大丈夫です

だいじょうぶ
【大丈夫】
1.《名ノナ》安心していられる(任せられる)ほどに危なげない(確かな)こと。

もともと中国で成人男子のことを「丈夫」と呼び、その中でも特に立派な男子のことを「大丈夫」と呼んだそうです。つまり、非常にしっかりしていること、非常に健康であることを表し、そこから問題ない、危なげないといった意味に派生していったとのこと。英語なら、"All right."とか"It's OK !"とか訳されます。

「さっき、そこで転んじゃった」

「え?怪我はない?」

大丈夫

これは正しいですね。問題ない、健康そのものであるという返答です。不安な状態であることを心配された際に、OK!心配ご無用!と返答するときに使うのが本来の用途です。非常に頼もしい日本語ですよね。

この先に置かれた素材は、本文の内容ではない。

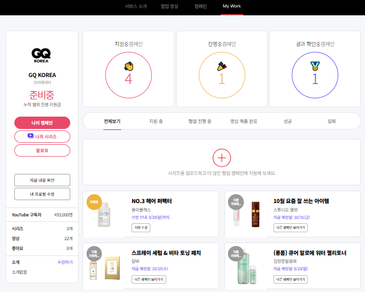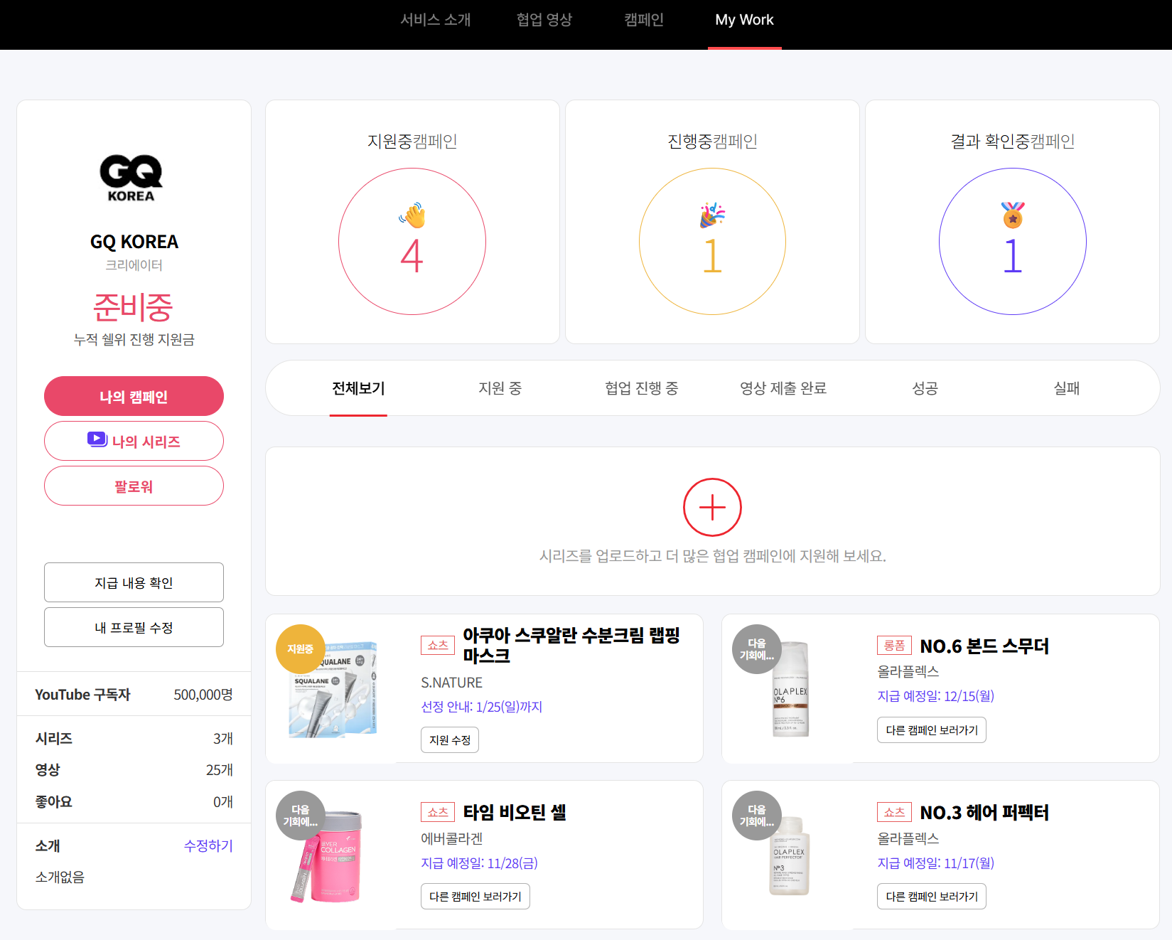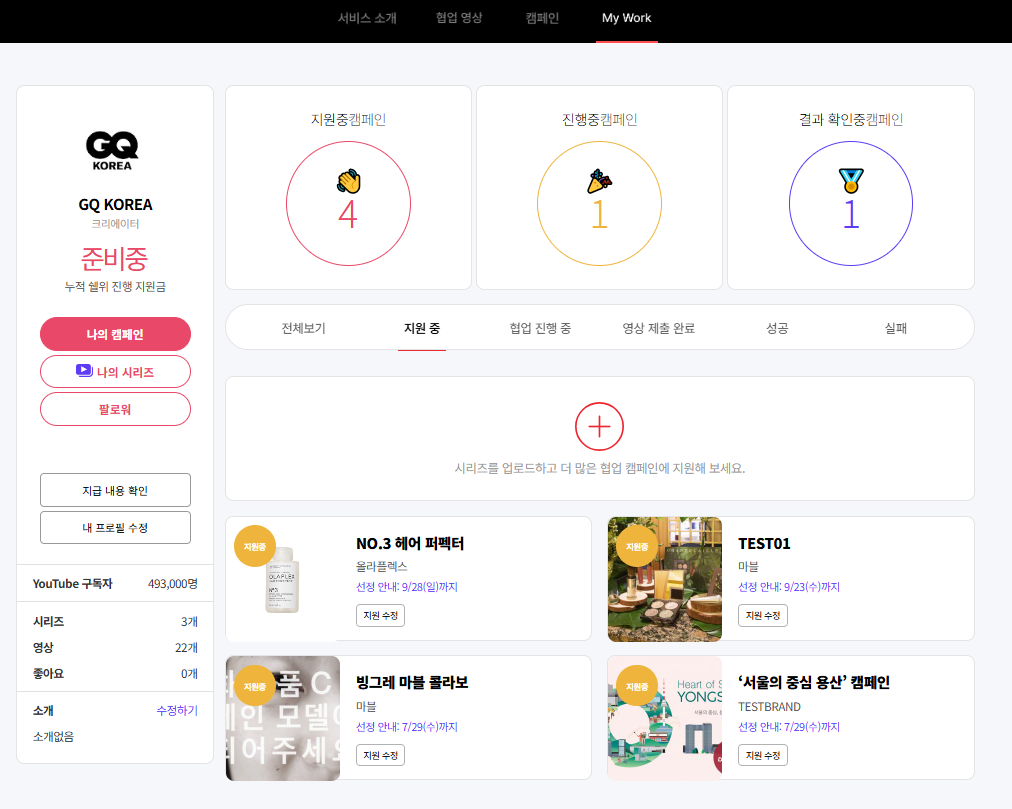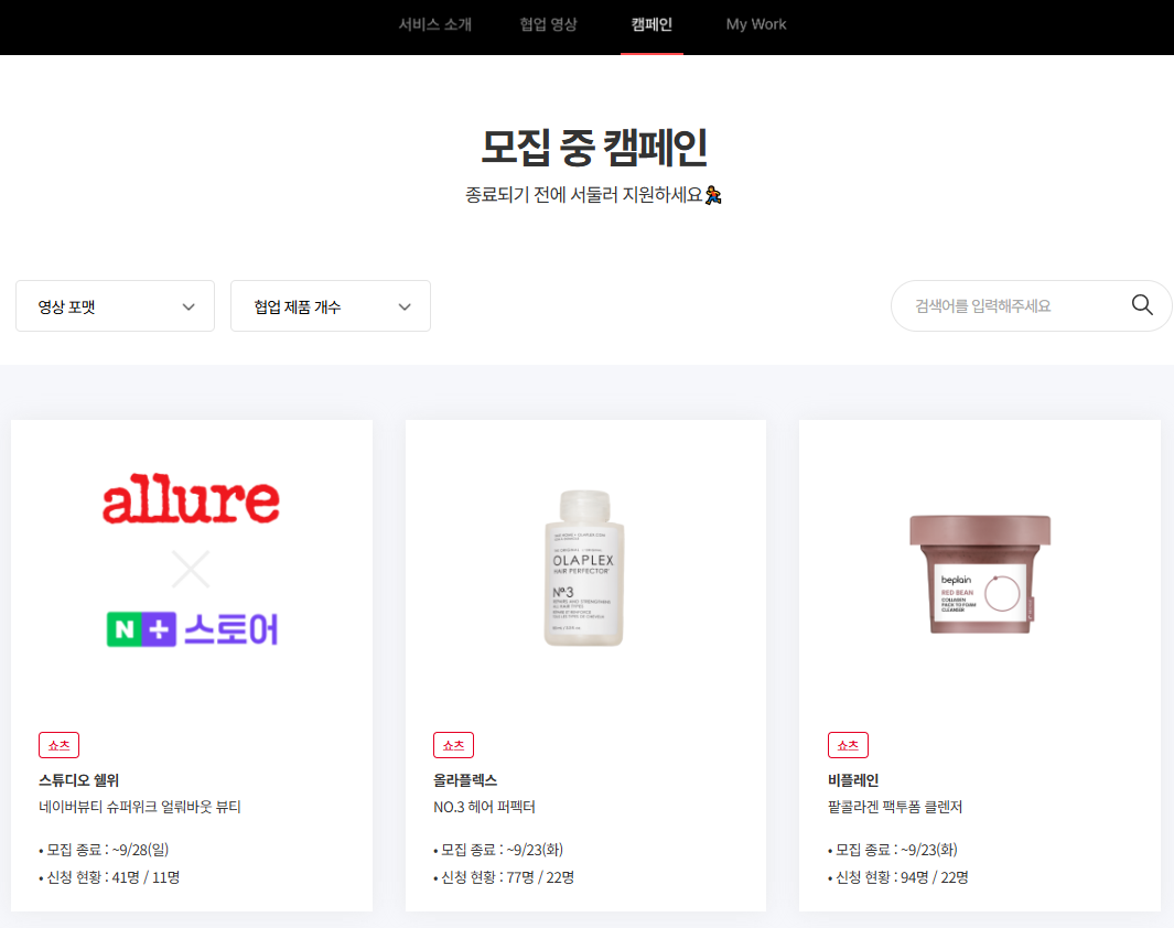 회원 가입과 시리즈 등록이 완료되었다면, 현재 모집중인 캠페인에 지원할 수 있어요.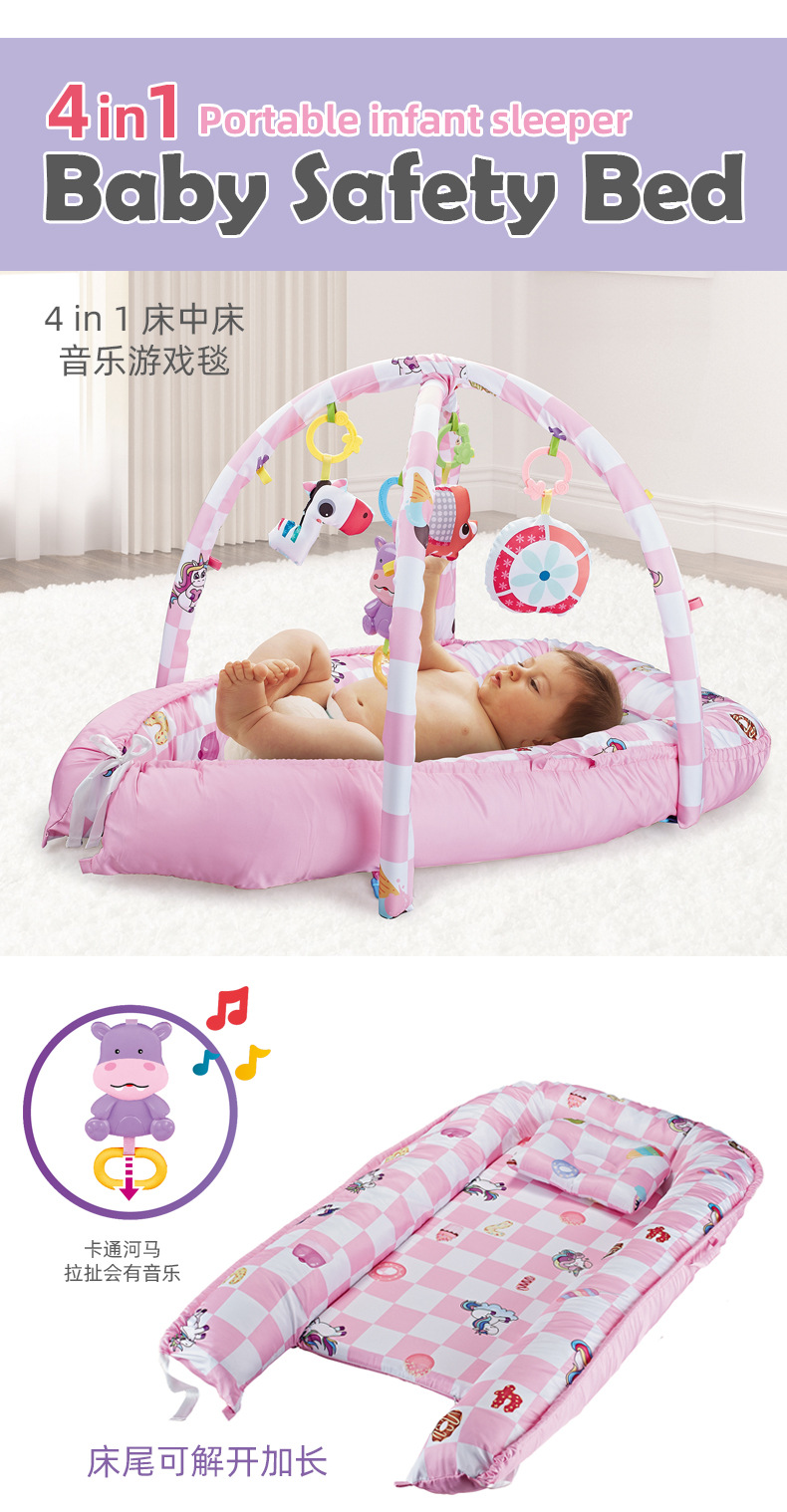 特色功能:安抚摇床,带音乐,四合一游戏毯健身架,早教摇铃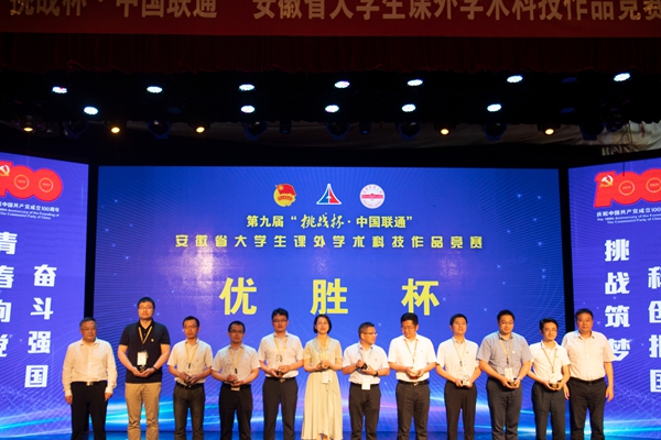 6月20日至21日,第九届“挑战杯”安徽省大学生课外学术科技作品竞赛颁奖仪式在安庆师范大学举行。我校以一等奖7项、二等奖3项,总分全省第二名的成绩荣获本届赛事“优胜杯”。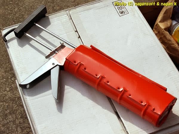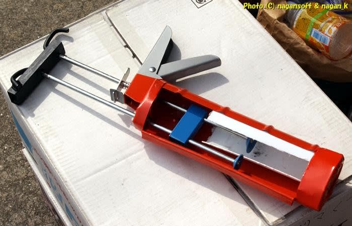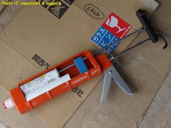 パネルボンドをセットします。まだボンドを押すわけにはいかないのでテンションがかかる直前までガンを引きました。

しかし、だ。最近の、特に若いやつにありがちな以下の用法。

「お箸はおつけしますか?」

大丈夫です

・・・?

要るの?要らないの??

これは「不要です」という意味らしい。つまりNoですね。なんでYesとかOKの意味に近い「大丈夫」って答えてるんだろうか? 無くて大丈夫ですってことなら、要りませんって言えばいいのに何でわざわざややこしくするんだろうか?

「今夜、課長と飲みに行くんだけど。来ない?」

「あー・・、あの、大丈夫です

?????????

何が、大丈夫なんだ????

これは「行きません」ということらしい。行かなくても大丈夫ですと言いたいようだ。いや聞いてるこっちは大丈夫じゃないんだけど。

日本人って本当に過度の婉曲表現が好きなんですよね。特に若い世代が。「お断り」したいときに大丈夫という言葉を使うのをよく聞く。婉曲が行き過ぎて、本来の意味とまるっきり逆になってしまっている。相手に気を使いすぎるあまりに日本語が乱れまくっている好例だと思う。飲みの誘いに大丈夫ですと返してくる奴には、正しい日本語を身につけさせるためにも、あー大丈夫なんだね、じゃあレッツゴー!と無理やり飲み屋に引っ張って連れてけばよいと思います。